The findings from each audit fall into three buckets. Some close during the same merge train (C3 closed by the FastMCP lifespan PR, C6 closed by the policy-greps PR, N1 closed by the catch-up merge train). Some stay open across multiple audits as carry-forward items (C2 flat redaction, H6 OAuth lock, H7 family revocation, H8 rollback record, H9 uncited inference values). Some are explicitly out of scope per LIMITATIONS.md or by ADR-0004 design choice. Without a convention, the three buckets blur, and the gap between "finding still open" and "finding closed in code but not re-tested" is exactly where future regressions land.

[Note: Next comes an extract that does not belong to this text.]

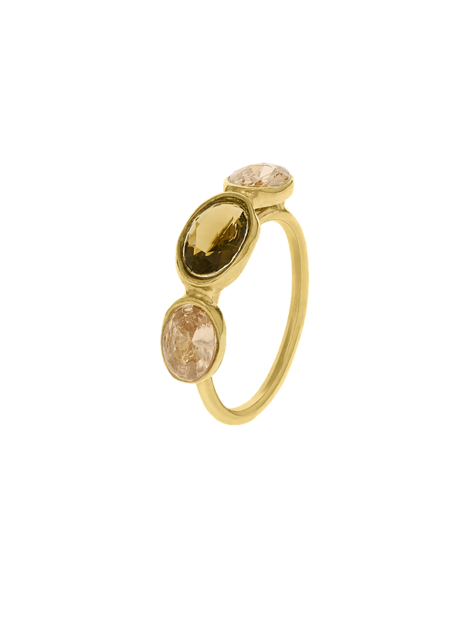 Anel Memória em prata de lei, banho de ouro com quartzos em tons castanhos. Há uma magia que só acontece quando o mundo lá fora arrefece. Cada detalhe da joia reflete a essência do inverno: delicada, mas imponente, como a estação que transforma o mundo num cenário introspectivo. Escolhemos a calma – e, acima de tudo, a presença.

The borrowed tests/regression/test_audit_findings.py shows the shape that closes the gap. Each class names one finding id (C1, C4, C5, H3, M8), carries the prior defect in the class docstring, and asserts the specific behaviour that closed it. A future change that re-opens the finding fails in the regression suite with the original bug summary already in scope, so the finding does not get re-discovered from scratch. The pattern is the missing seam between the audit reports (prose, point-in-time) and the test suite (runtime, continuous).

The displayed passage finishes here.